Zulip Chat Archive

Stream: lean4

Topic: Step-by-step debugger?


Tanner Swett (Jul 01 2023 at 21:09):

There isn't yet any step-by-step debugger for Lean 4 like I'm used to from C# and Python, is there?

I'm a little tempted to try to write one myself. I'll work on that next time I have a few thousand hours of spare time :big_smile:

Henrik Böving (Jul 01 2023 at 21:16):

Such a debugger does not exist yet no. Given the gigantic difference between the input code and what actually gets executed you would have to add quite a lot of changes to the compiler itself to get it even close to feasible to implmeent.

James Gallicchio (Jul 01 2023 at 21:24):

honestly even a step debugger on the LCNF of some expression seems useful

Mario Carneiro (Jul 01 2023 at 21:38):

There used to be a debugger for lean 3 IR, docs3#vm_monitor

Tanner Swett (Jul 01 2023 at 22:00):

I would imagine it'd be a lot easier to add a debugger to the reducer than to write one that can attach to compiled code. (Of course, "a lot easier" in this case would still be a pretty enormous undertaking.)
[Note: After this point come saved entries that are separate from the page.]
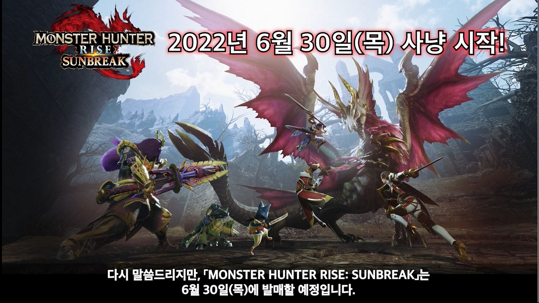 캡콤은 몬스터 헌팅 액션 '몬헌 라이즈'의 초대형 확장 컨텐츠 < 몬스터 헌터 라이즈: 선브레이크 >를 2022년 6월 30일 Switch, PC(스팀)으로 출시한다고 밝혔고 새로운 트레일러를 공개, 각 플랫폼에서 다운로드판 예약도 시작했습니다.
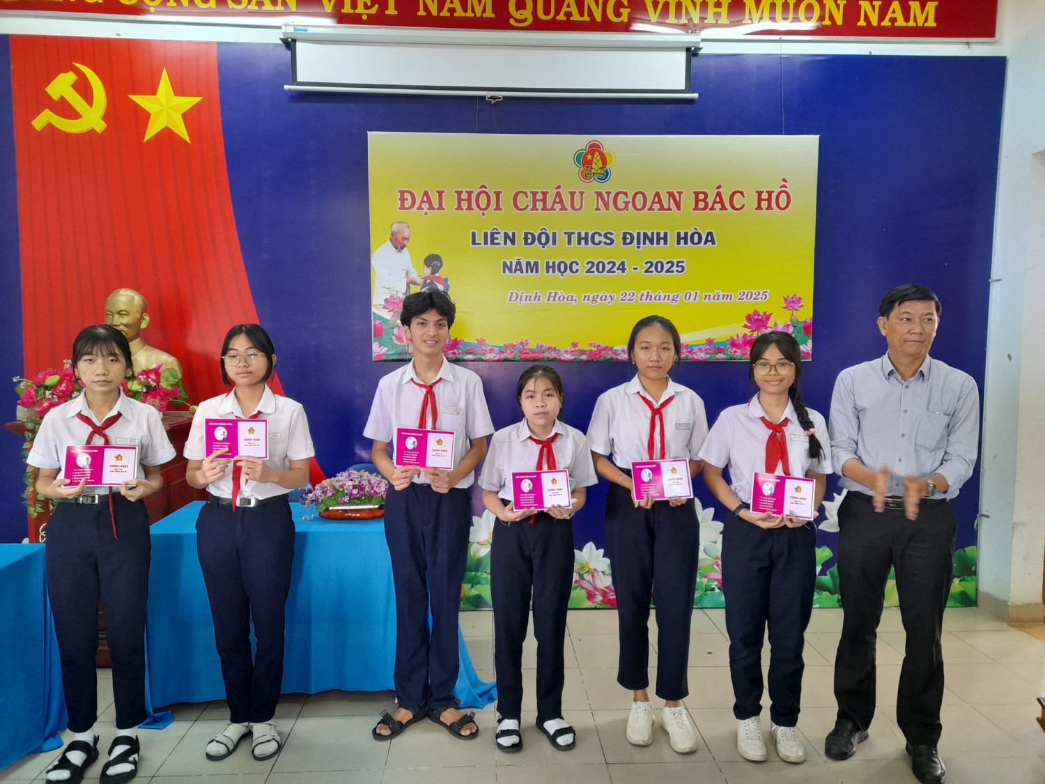 Tại Đại hội, Hội đồng đội phường Định Hòa và Liên đội trường THCS Định Hòa đã biểu dương và trao giấy chứng nhận cho 58 đội viên đạt danh hiệu Cháu ngoan Bác Hồ năm học 2024-2025./.
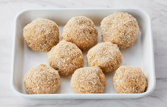 ②に薄力粉、卵、パン粉の順で衣をつける。
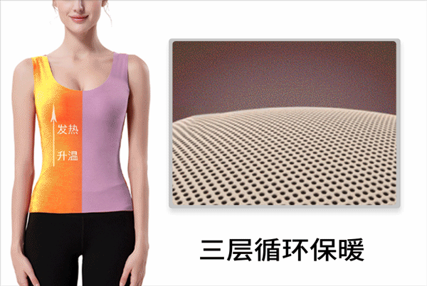 这款保暖背心之所以保暖性好有两大原因:①自发热升温;②高密蓄热。
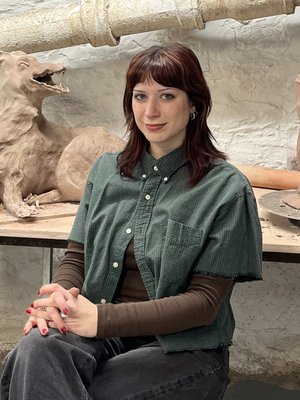 Reilly Liberto is a multidisciplinary artist exploring the intersection of clay and sound. The figure stands at the center of Reilly’s ceramic work, often taking form as holdable dolls. Reilly pulls from majolica glazing techniques to create a painterly effect on the surface of their sculptures. Utilizing found and synthesized motifs, Reilly digs through the depths of our collective feelings. Through a process of loops and improvisation, they explore the alteration of repetitive loop cycling to create dense soundscapes meant to be felt deep in your chest cavity. In both clay and sound Reilly recycles familiar imagery to highlight the more absurd nature of the world around us. Reilly plans to explore the auditory elements of clay during their residency. Reilly received a BFA in Ceramics and Sonic Art from the New York State College of Ceramics at Alfred University.
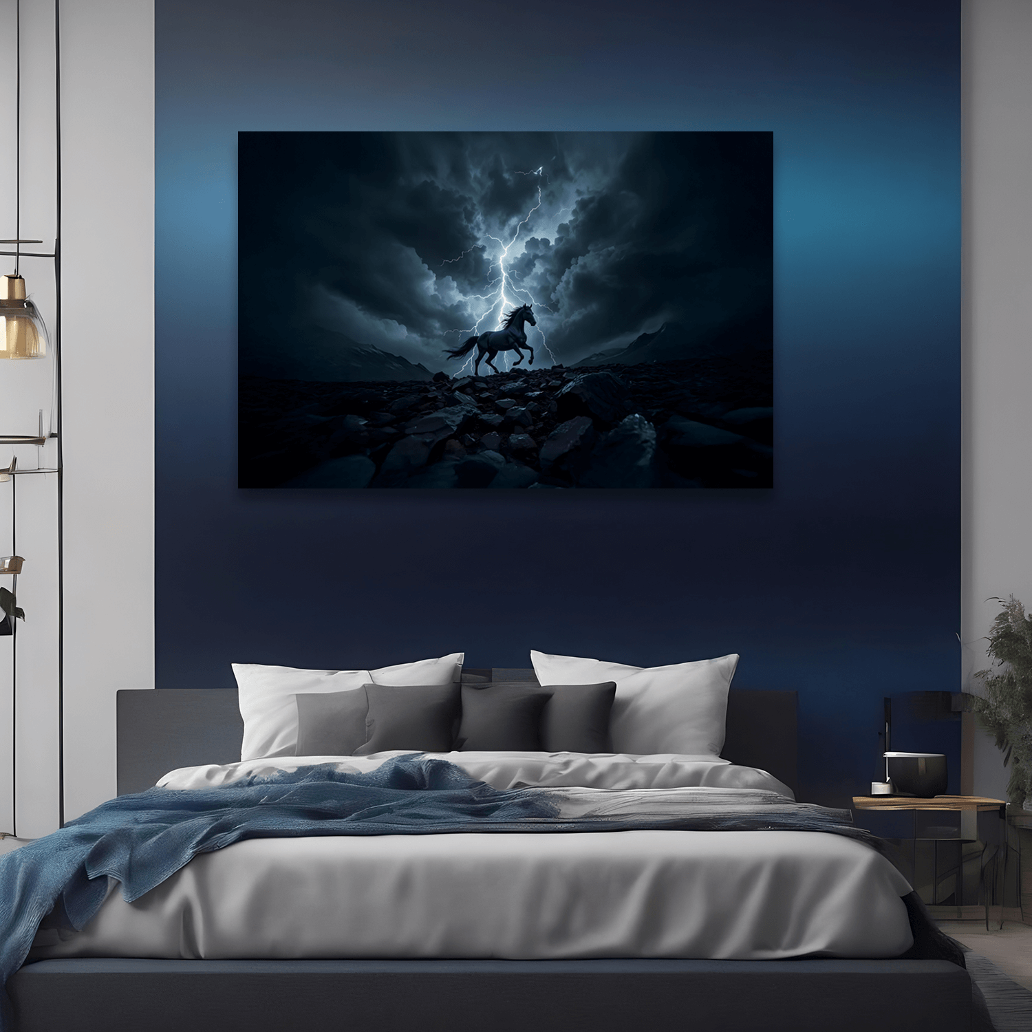 “Ateşin Gölgesi”, güçlü bir atın karanlık siluetini alev tonlarıyla buluşturan etkileyici bir tasarıma sahip. Bu eser, hayvan figürlü dekoratif tablolar koleksiyonunda doğanın enerjisini duvarlarınıza taşıyor.

Mario Carneiro (Jul 01 2023 at 22:01):

It should be relatively easy to debug the generated C code

Mario Carneiro (Jul 01 2023 at 22:03):

anything else will need to be written from scratch

James Gallicchio (Jul 01 2023 at 22:12):

But the C is way less intelligible than LCNF, no? I generally struggle to trace what's happening at the C level.

Henrik Böving (Jul 01 2023 at 22:16):

That depends on which level of LCNF you mean. The last one (lambda RC) is basically almost C already, the C translation step from there is mostly replacing constructors of the expression type with calls to runtime functions etc. If you go a little higher up it becomes more readable but I would still doubt the vast majority of users would be able to decipher things based on it that are more useful than inserting debug prints or gdb-ing the C code. I do agree it might be a useful feature for experts though

James Gallicchio (Jul 01 2023 at 22:18):

what level is output by trace.compiler.result?

Henrik Böving (Jul 01 2023 at 22:18):

lambda RC

James Gallicchio (Jul 01 2023 at 22:18):

I find that version infinitely more readable than C. though I do tend to write rather cursed code.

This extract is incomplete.